Wie viel Arbeit hinter einer Rede eigentlich steckt, wird klar, wenn wir uns eine anhören, deren Worte uns fesseln oder mitreißen. Eine Rede sollte für jeden verständlich, klar und anschaulich sein. Sie sollte begeistern, überwältigen und dabei nicht vom eigentlichen Thema abschweifen. Sie darf nicht zu sehr übertreiben, muss Gefühle bei den Zuhörern wecken und im Gedächtnis bleiben. Ganz schön viele Anforderungen an einen Redenschreiber.

Große Reden schwingen und von sich überzeugen. Viele Schreiber beherrschen die genannten Anforderungen aus dem FF. Die Menschen hinter den bekannten Sätzen kennt man aber nicht – nicht einmal die der Bundeskanzler oder anderer großen Persönlichkeiten. Profis wissen um ihr Talent, müssen aber damit leben können, dass andere für die eigenen Worte Applaus und Ehrung erhalten. Wer Redenschreiber sein möchte, der muss sich darüber freuen können, dass seine Rede gut ankam, auch wenn man nicht selbst dort oben stand. 

Wie erreichen Worte das Publikum?

Beim Redenschreiben liegt die Herausforderung nicht darin, einen spannenden Text zu verfassen. Eine Rede muss so geschrieben sein, dass der Redner genau weiß, wann er lauter, leiser, bestimmt, sachlich, ruhig oder auffordernd sprechen muss. Er muss wissen, wann er eine Pause einlegen sollte, um den Zuschauern einen Moment des Nachdenkens zu geben und wann er das Publikum ansehen soll, wann er den Kopf heben oder senken soll und auf den Punkt genau die richtigen Gesten machen soll. 

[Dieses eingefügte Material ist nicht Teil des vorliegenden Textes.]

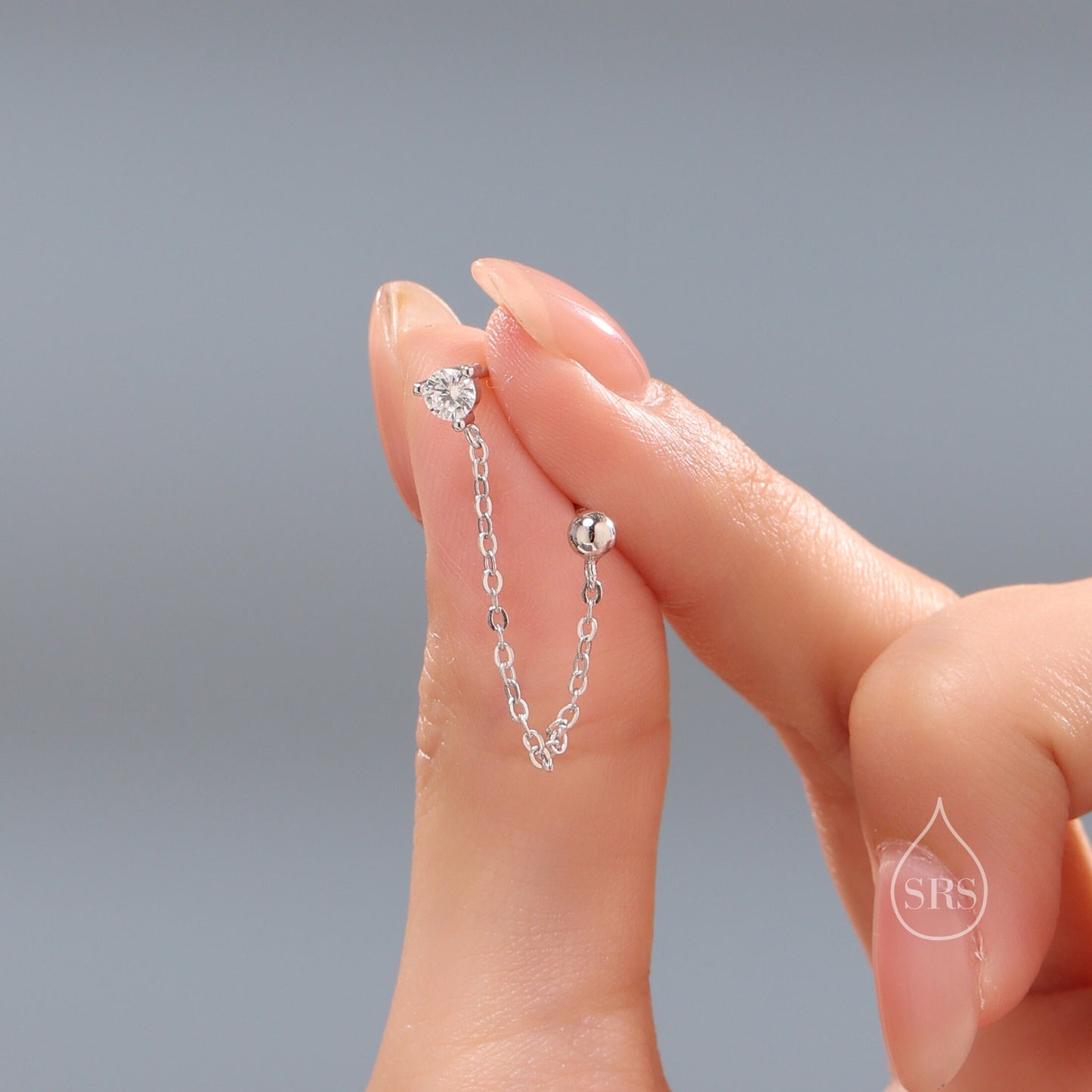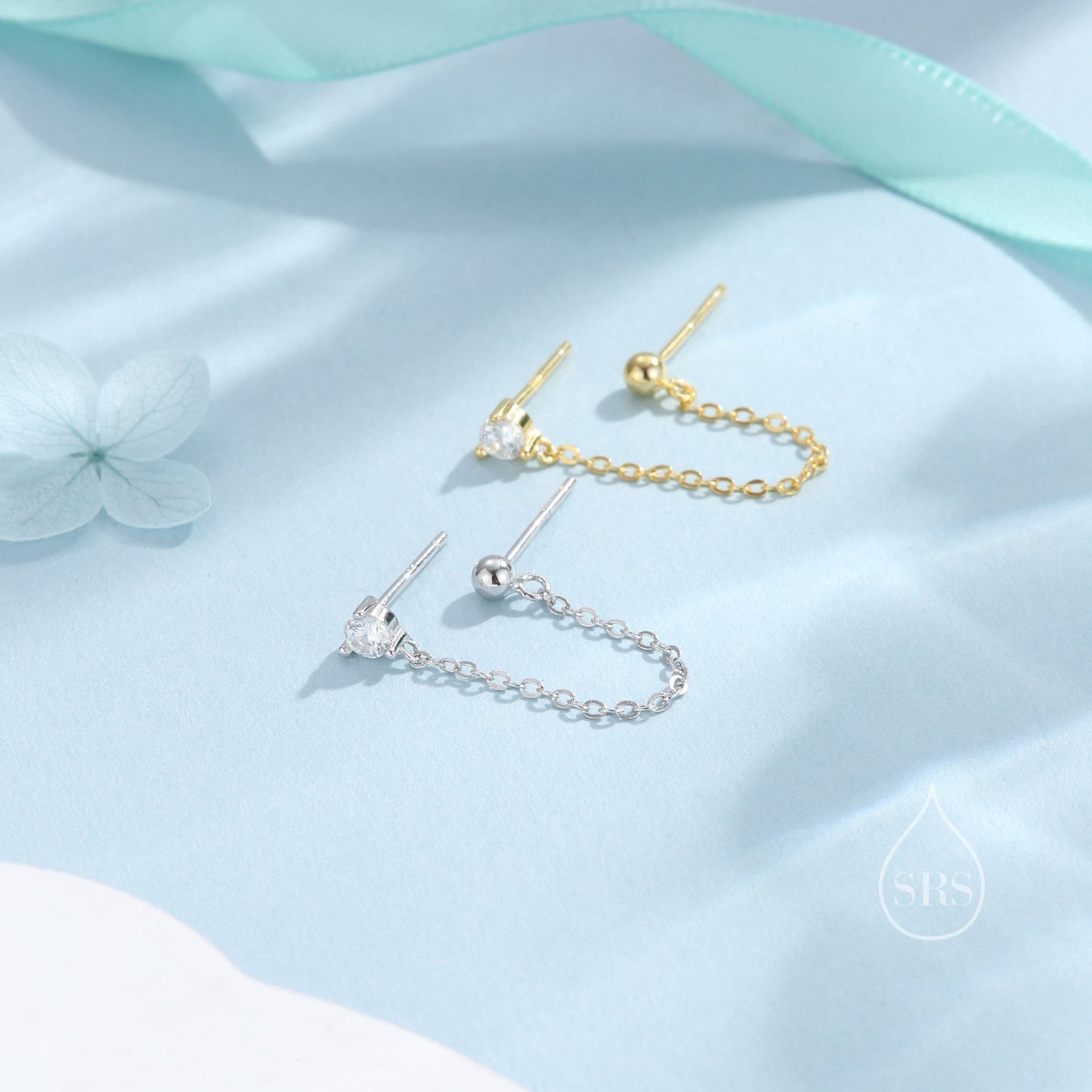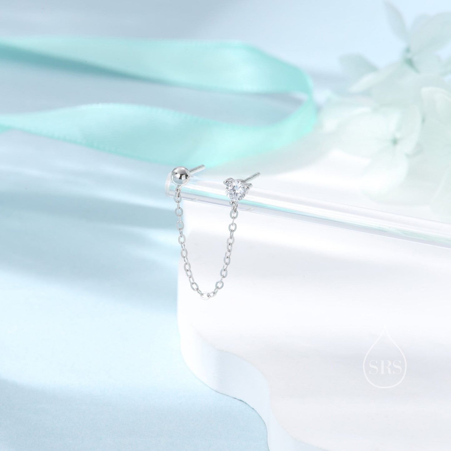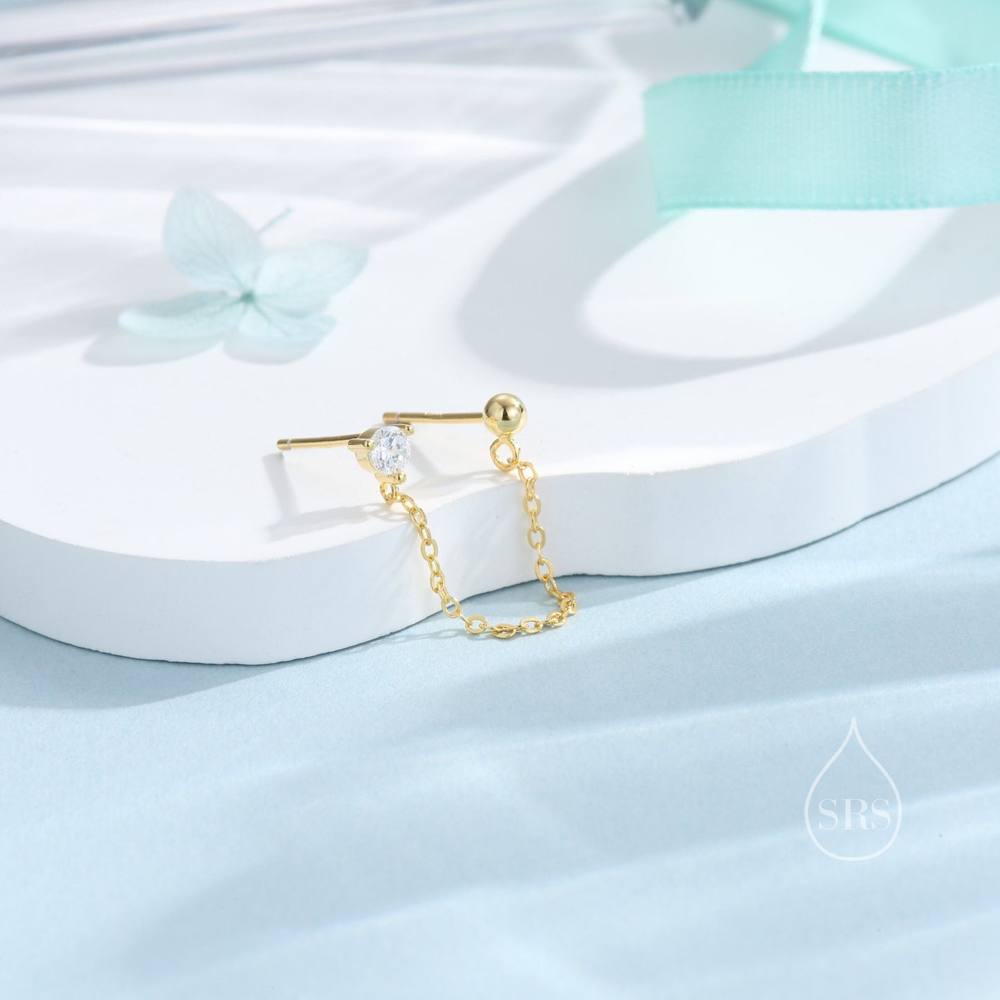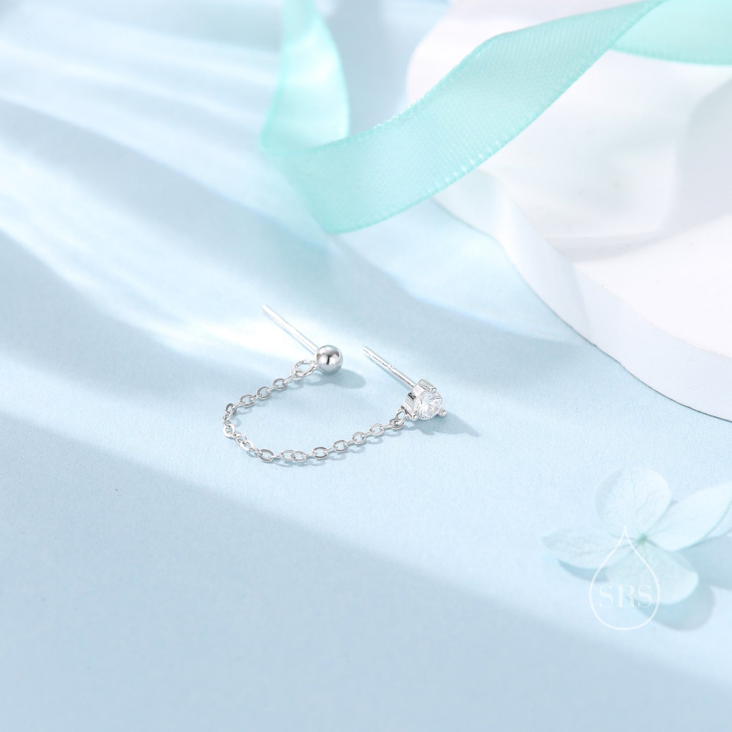 Sterling Silver Chained Earrings for Double Piercings, Silver or Gold, Ball and CZ Chained Earrings, Asymmetric Stacking Earrings

Es ist nicht ganz klar, wie viele Redenschreiber es in Deutschland gibt. Das liegt sicher auch daran, dass das für die meisten Redner ein Tabuthema ist. Denn die Zuhörer sollen natürlich davon ausgehen, dass die Rede vom Redner selbst stammt. Nicht selten müssen die Schreiber deshalb Verschwiegenheitserklärungen abgeben. Aber auch das wird seinen Preis haben. So kann es schon einmal vorkommen, dass ein Redner für eine 10-minütige Rede 1.250 Euro hinblättern muss, wobei man davon ausgehen kann, dass eine Minute Redezeit etwa einer Stunde Arbeit entspricht. Was die Redenschreiberin von Angela Merkel, Eva Christiansen (Bild), verdient, ist nicht bekannt. Über sie weiß man, dass sie vor ihrem Jobantritt Volkswirtschaftslehre studierte und im Besitz eines Diploms ist. Zunächst arbeitete sie als Assistentin eines Wirtschaftsprüfers, und trat 1997 der CDU bei. Hier war sie Parteisprecherin, bis sie zwei Jahre später zur ersten Sprecherin aufstieg.